With automation mostly handled, the next major goal was to make SCLAF robust, meaning that data collection runs should be reliable and unlikely to crash. Throughout the course of this work, we had significant issues with long running data collections failing part way through. This was generally attributed to one of three things: random network errors, crashing the oscilloscope, or crashing the K7 on the Sakura X. The solution to the random network errors is to simply try the failed command again a few seconds later, or at worst rerun the current test. Similarly, crashing the K7 generally only required the current test be rerun. However, the oscilloscope we used had more significant issues. In certain cases, its response time to VISA commands would slow down so significantly that network operations would time out, while in other cases it would stop responding to all input and require a reboot. For the former, we found that reloading the setup file before it slowed to the point of timing out would often fix this issue, while the hard crashes necessitated installing a network-controlled power strip to force the complete power cycle.

We created collect.py to handle these errors. This module is effectively a wrapper for the sakura\_aes's test procedures, but it adds multiple levels of error checking. Whenever a test fails, collect.py's wrapper functions first try simply running the test again a few seconds later.
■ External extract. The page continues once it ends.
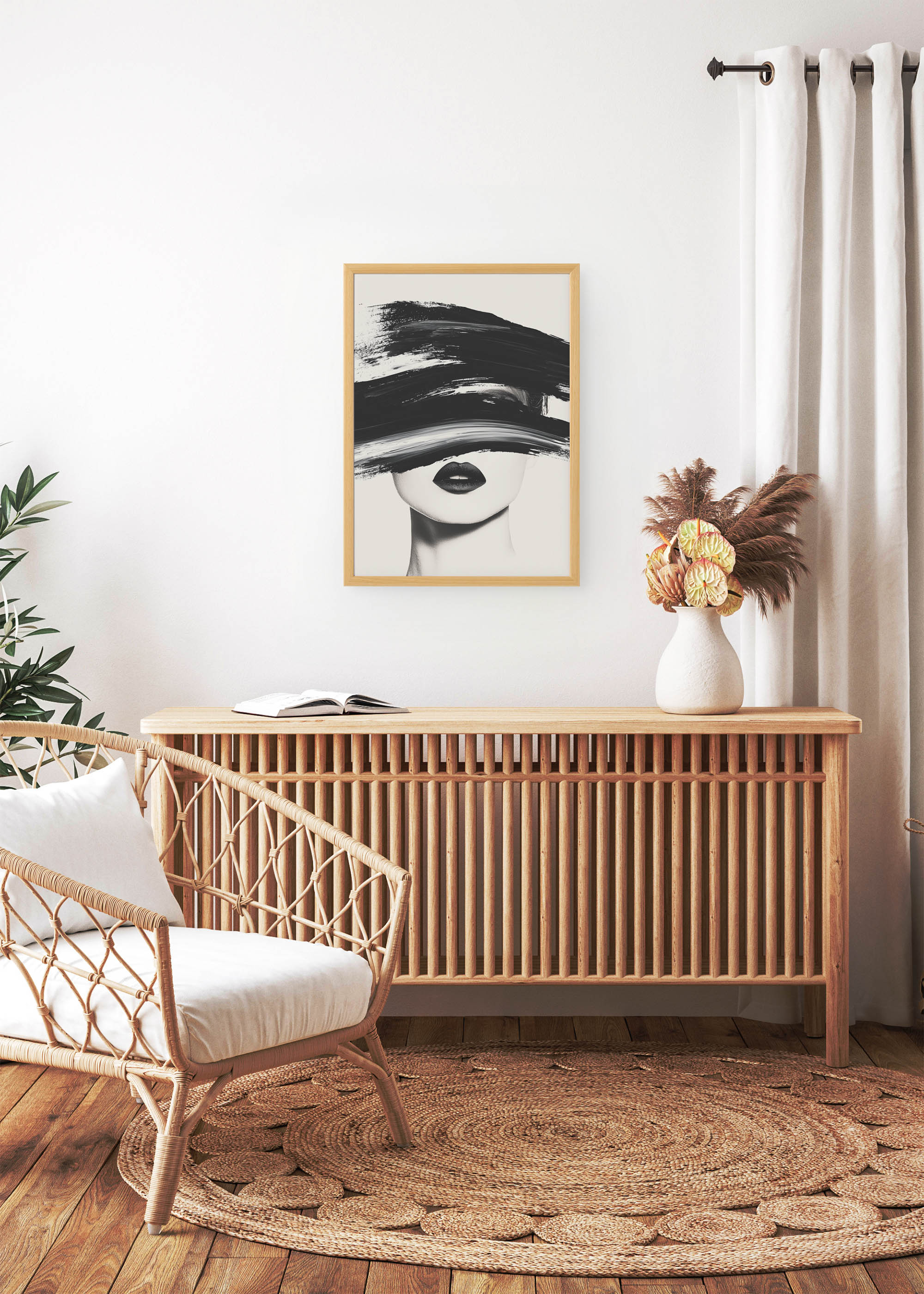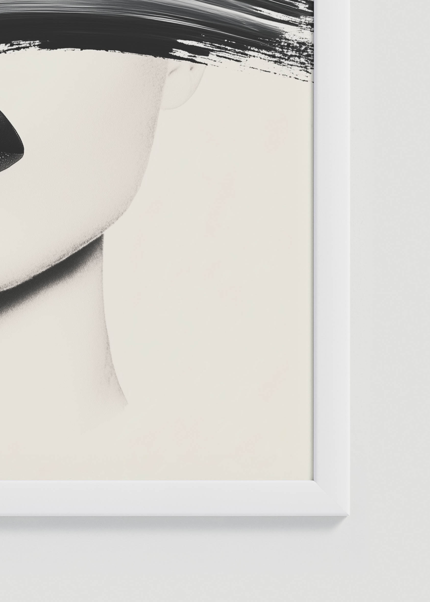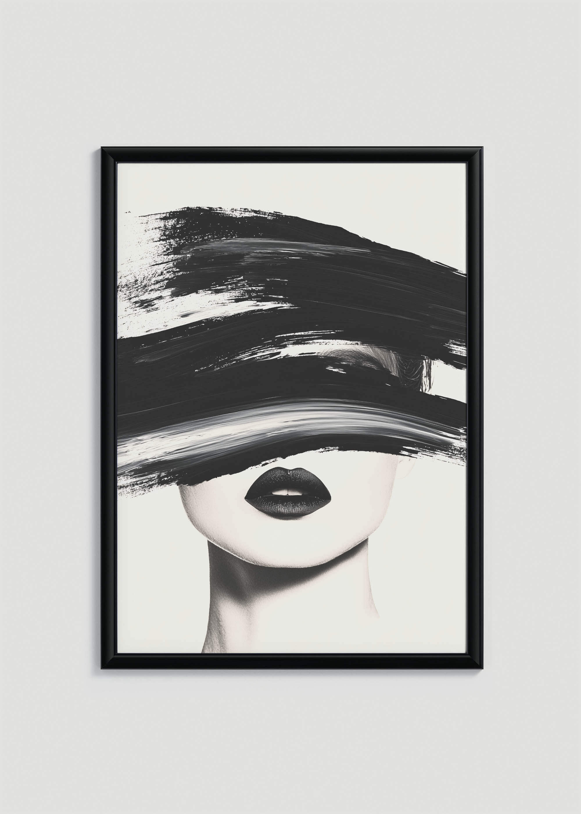 Minimalistyczny plakat w czarno-białej kolorystyce przedstawiający zamyślony, abstrakcyjny portret kobiety. Duże, wyraziste usta i intrygujące spojrzenie przykuwają uwagę. Stylizowany na modny nurt pop-artu lat 60-tych. Oryginalny dodatek do nowoczesnych wnętrz.

This tends to resolve any failures due to intermittent network faults or K7 crashes. Should this second attempt also fail, collect.py's scope\_safety\_wrapper method takes over. This method was designed to handle all issues we found with our oscilloscope. Upon a test failing twice, the scope\_safety\_wrapper attempts to reconfigure the oscilloscope by reloading the current test's setup file, and then runs the test again. This soft reset typically resolves any issues related to the scope slowing down, and is thus an efficient way of resolving those issues. Should this also fail, the scope\_safety\_wrapper will force the oscilloscope to reboot by power cycling it. This is a slow process, as our oscilloscope took around 10 minutes to power on, but was quite reliable in resolving the hard crashes. Once the oscilloscope is back online, scope\_safety\_wrapper attempts to run the test one last time.

### 2.2 SNR Calculation

#### 2.2.1 SNR Algorithm

Yano et al. propose Equation 2.1 as a way to efficiently calculate SNR, and show that this value can be used as a design criteria when evaluating power side channel defense mechanisms. Specifically, they find that this method can replace both of the two other metrics that were commonly used for specifying SCA resistance criteria: maximum correlation coefficient and minimum number of traces needed to disclose the secret key [14]. Since decreasing SNR decreases correlation coefficients and increases the number of trials required to extract a secret key via CPA, maximum SNR can be used as a replacement design criteria.

$$SNR_{i} = \frac{Var(V_{signal})}{Var(V_{noise})}$$
(2.1)

Equation 2.1 is a measurement of the power side channel's noise at any given time within the AUT's operation, and as such yields a curve representing SNR given a set of traces measuring the AUT's signal and noise components. The noise component is collected by setting both the key and plaintext input to 0, and collecting a set of traces of the AUT repeatedly operating on that KTP. This allows the calculation of  $Var(V_{noise})$  to only detect the random noise inherent to the system, and exclude any variation that may be data dependent (as the KTP is constant) or process dependent (as that is constant for each sample offset).

Measuring  $\operatorname{Var}(V_{signal})$  is similar, but requires an extra step to isolate the signal component. For each trace, first select a random KTP, then collect a set of waveforms using said KTP, and finally average together that set of waveforms on a per-sample basis to generate the trace. Any random noise is thus removed from each trace by collecting enough waveforms. Computing the variance of this set of traces removes process-dependent variations, and only leaves a measurement of how data-dependent the core's power draw is.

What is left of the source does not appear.